Net income for the nine months ended September 30, 2010 was $18.3 million, an increase of 5% compared to $17.5 million for the same period in 2009. The return on average assets and average equity for the nine months ended September 30, 2010 was 1.08% and 12.43%, respectively.
Earnings for the third quarter were positively impacted by the legal settlement related to the Company’s investment in auction pass-through certificates with Federal Home Loan Mortgage Corporation preferred stock assets. This settlement resulted in an additional $2.0 million in pre-tax income or $0.17 per diluted common share after tax. “We are pleased that rigorous legal pursuit resulted in a partial recovery of the $15.0 million investment write-down recorded in 2008,” said Gregory A. Dufour, president and chief executive officer of the company. “The Company experienced an improvement in net interest income and lower credit provisions this quarter that were offset by a decline in non-interest income (excluding the $2.0 million legal settlement) and increased salaries and employee benefit expenses.”

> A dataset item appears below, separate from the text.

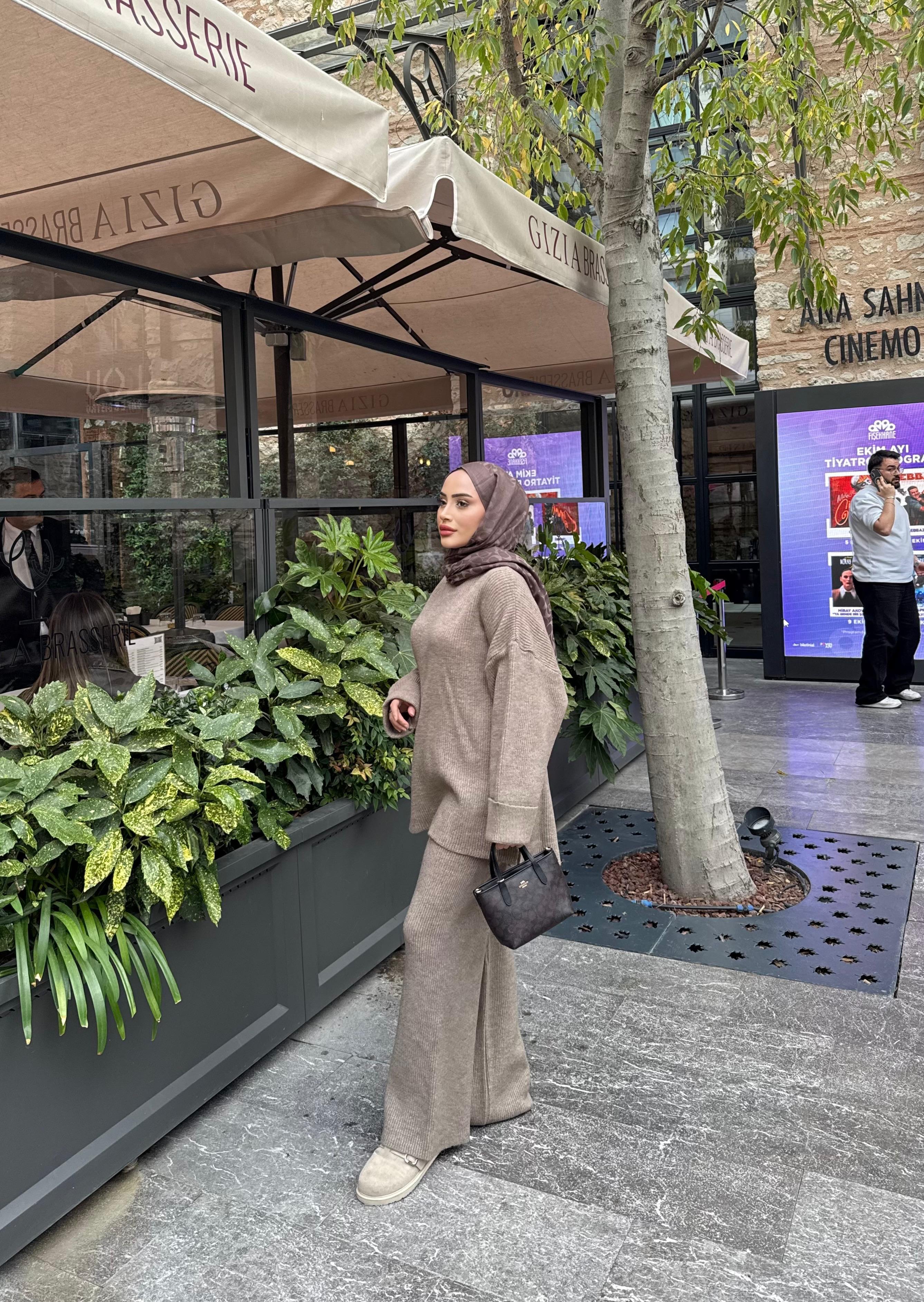 TAKM-1806H&R ButikLeila Triko Takım Vizon

Asset Quality and the Provision for Credit Losses
The Company’s level of non-performing assets declined in the third quarter of 2010 due to a combination of the sale of other real estate owned, charge-offs and fewer loans moving into non-performing status. Non-performing assets were $23.7 million, or 1.03% of total assets, at September 30, 2010 compared to $25.9 million, or 1.13% of total assets, at June 30, 2010 and $25.1 million, or 1.13% of total assets, at December 31, 2009. The Company’s non-performing assets to total assets ratio compares favorably to its national peer group’s average of 3.86% based on the most recent Bank Holding Company Performance Report dated June 30, 2010 provided by the Federal Reserve System.
Net loan charge-offs were $1.2 million and $3.2 million in the three and nine months ended September 30, 2010, respectively, compared with $1.2 million and $4.8 million in the same periods a year ago, respectively. Annualized net charge-offs to average loans equaled 0.32% for the third quarter of 2010 as well as for the third quarter of 2009 and the year-to-date annualized net charge-offs equaled 0.27% for 2010 and 0.42% for the same period a year ago. The Company’s annualized net loan charge-offs ratio compares favorably to its national peer group’s average of 1.15% based on the most recent Bank Holding Company Performance Report dated June 30, 2010 provided by the Federal Reserve System.

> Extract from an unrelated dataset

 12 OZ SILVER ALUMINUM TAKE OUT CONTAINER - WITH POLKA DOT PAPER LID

The provision for credit losses of $1.3 million for the third quarter of 2010 was slightly higher than the net loan charge-offs for the period resulting in the allowance for credit losses of 1.45% of total loans at September 30, 2010 which is consistent with the level at June 30, 2010. “Non-performing assets have shown signs of stabilization during 2010,” said Dufour. “However, we remain cautious as we recognize that the current economic situation might not change substantially until unemployment and the housing market show sustained signs of improvement.”
Balance Sheet Highlights
The Company’s total assets at September 30, 2010 were $2.3 billion, an increase of 2% compared to September 30, 2009. The $35.3 million increase in total assets is primarily due to increases in loans of $16.4 million and investments of $12.6 million. Growth in the loan portfolio resulted from an increase in commercial real estate loans of 5% and a home equity promotion that contributed to the increase in the consumer loan portfolio of 6%. These increases were partially offset by declines in commercial loans of 4% and residential real estate loans of 2%.
Deposits at September 30, 2010 were $1.6 billion, an increase of $68.9 million, or 5%, from September 30, 2009. The deposit growth is primarily derived from low cost deposits with an increase in demand deposit accounts of 13% and an increase in interest checking, savings and money market accounts of 7% from a year ago. Brokered funds increased $70.7 million from September 30, 2009 as a result of more favorable pricing compared to other funding alternatives, including retail certificates of deposit which declined $74.8 million from a year ago. Municipal relationships continue to represent a major contributing factor in the growth of interest checking balances during the past year.
Net Interest Income
Net interest income for the third quarter of 2010 increased to $18.9 million compared to $18.2 million for the third quarter of 2009 and $18.6 million for the second quarter of 2010. The tax equivalent net interest margin of 3.61% for the third quarter of 2010 represents an increase from 3.51% for the same period in 2009 and 3.59% for the second quarter of 2010.
The Company’s yield on earning assets was 4.99% in the third quarter of 2010 compared to 5.35% in the same period a year ago and 5.08% in the second quarter of 2010. The Company’s earning asset yield has gradually declined over the past year as the result of reinvestment of cash flows at lower rates, particularly in the investment portfolio.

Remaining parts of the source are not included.